Toutes les études antérieures sur ce sujet ont montré que le mode de rupture des roches anisotropes varie continûment suivant l’orientation β et la pression de confinement.

En compression simple, on observe des plans de rupture par extension structurale (le long des plans de stratification) pour les orientations θ proche de 90°, par extension astructurale pour θ

proche de 0° et des ruptures par cisaillement le long des plans de litage pour les orientations θ

telles que 45° ≤ θ ≤ 75°. Sous faible pression de confinement, la rupture survient par cisaillement structural pour 45° ≤ θ ≤ 75° et par cisaillement astructural pour les autres orientations. Sous fort confinement, on observe des ruptures cataclastiques.
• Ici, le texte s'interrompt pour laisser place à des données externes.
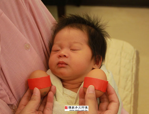 煮熟鴨蛋2個 「代表的含意:嬰兒的身形跟鴨蛋的形狀一樣、身材健美)。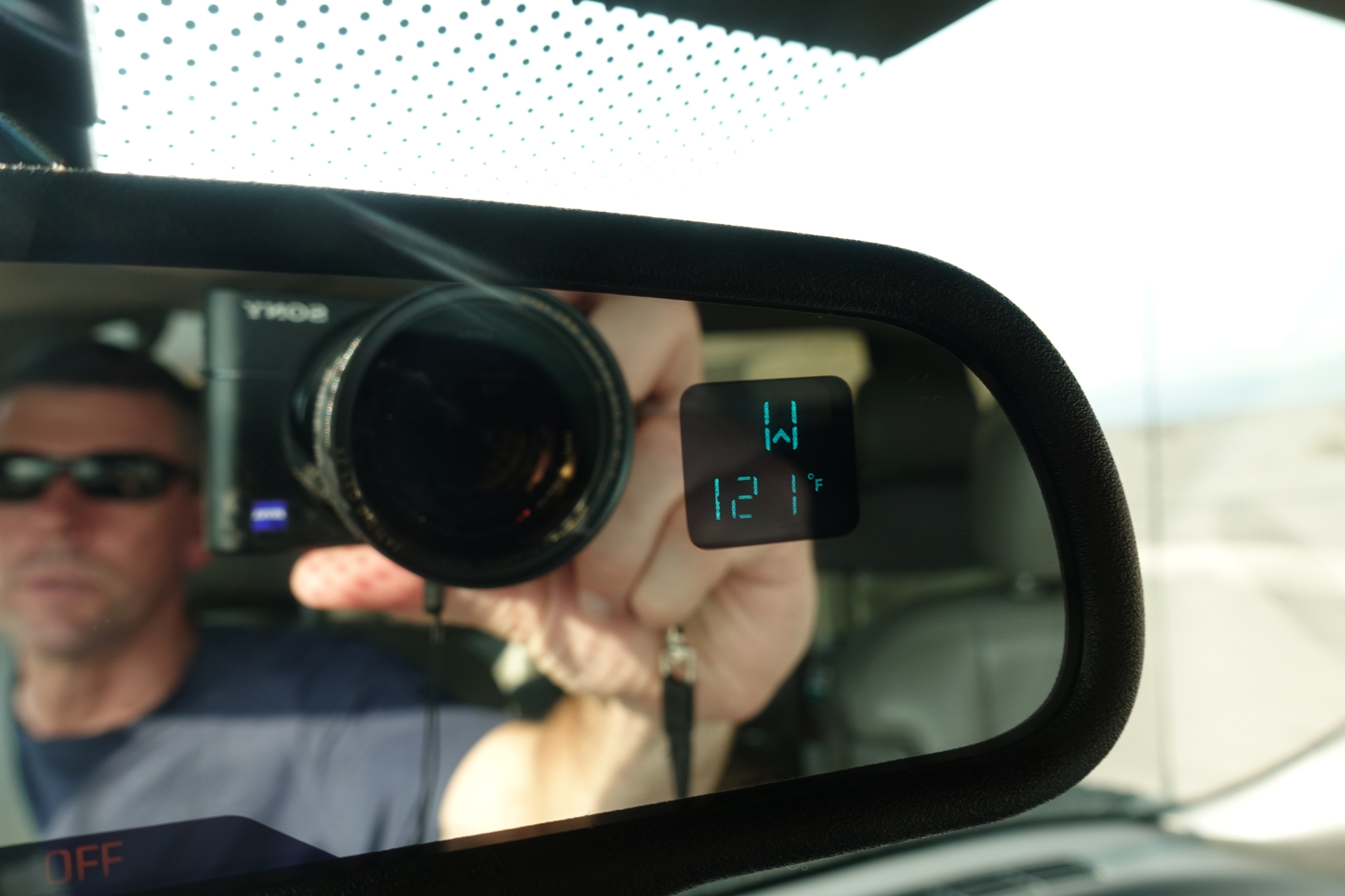 29 Heading back down towards the basin now, I just had to snap a pic of the car thermometer. Now up to 121 degrees!

La Figure 2.56 illustre ces différents modes de rupture pour des échantillons de diatomite testés en compression simple et triaxiale (Allirot et Boehler, 1979).
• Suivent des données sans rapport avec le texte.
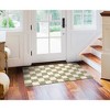 The Checkerboard design features a geometric motif and modern style in a ivory and green palette.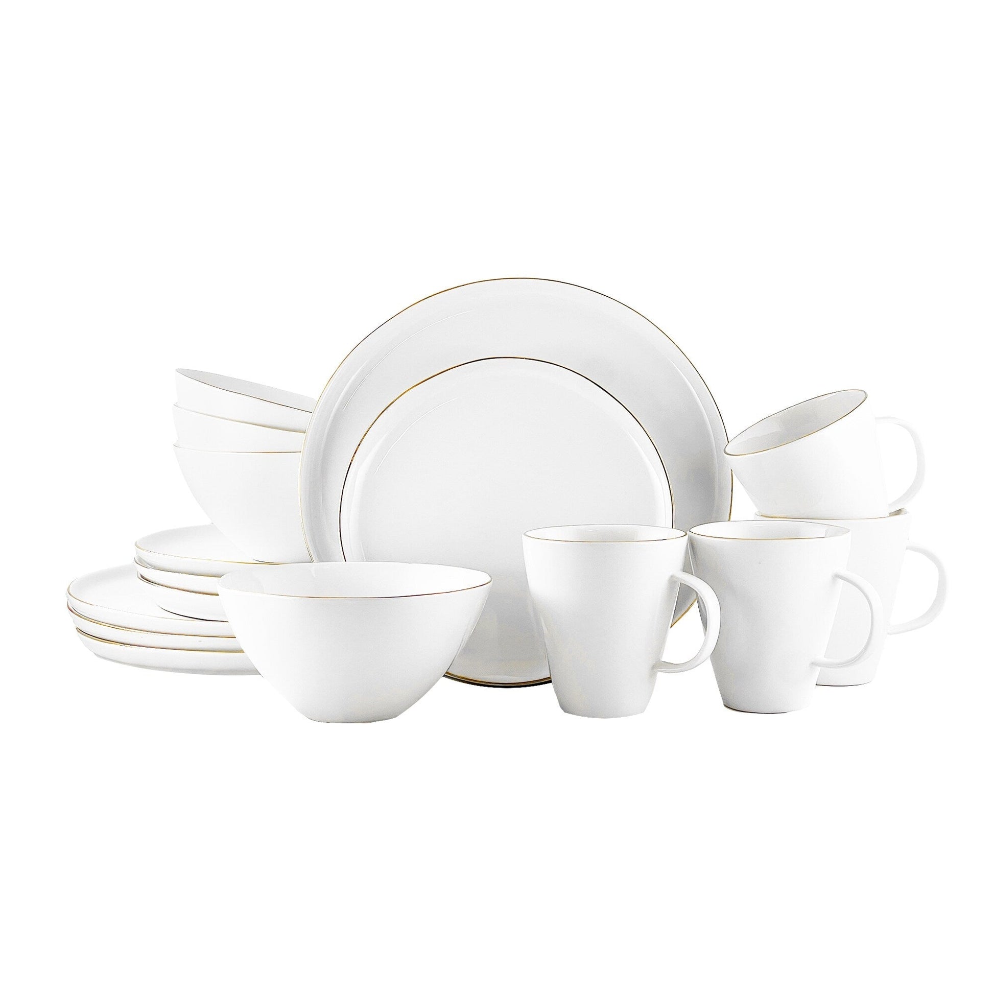 - Cet ensemble comprend 4 grandes assiettes, 4 assiettes moyennes, 4 bols moyens et 4 tasses.

Entre 1995 et 1998, une série d’essais de fluage a été réalisée par l’ANDRA afin d’étudier l’influence de l’anisotropie de l’argilite de l’Est sur ces propriétés mécaniques à long terme. Les résultats obtenus ont mis clairement en évidence que les vitesses de fluage à long terme étaient similaires sur des échantillons carottés perpendiculairement et parallèlement au litage. (cité par Gasc-Barbier, 2002). Bien que l’anisotropie de structure de cette roche induise une anisotropie des caractéristiques mécaniques à court terme, tel que le module d’élasticité, il semblerait donc qu’elle n’influence pas la vitesse des déformations viscoplastiques de la roche à long terme.

Figure 2.56 : Influence de l’orientation θ et de la pression de confinement sur le mode de rupture de la diatomite en compression, d’après Allirot et Boehler (1979).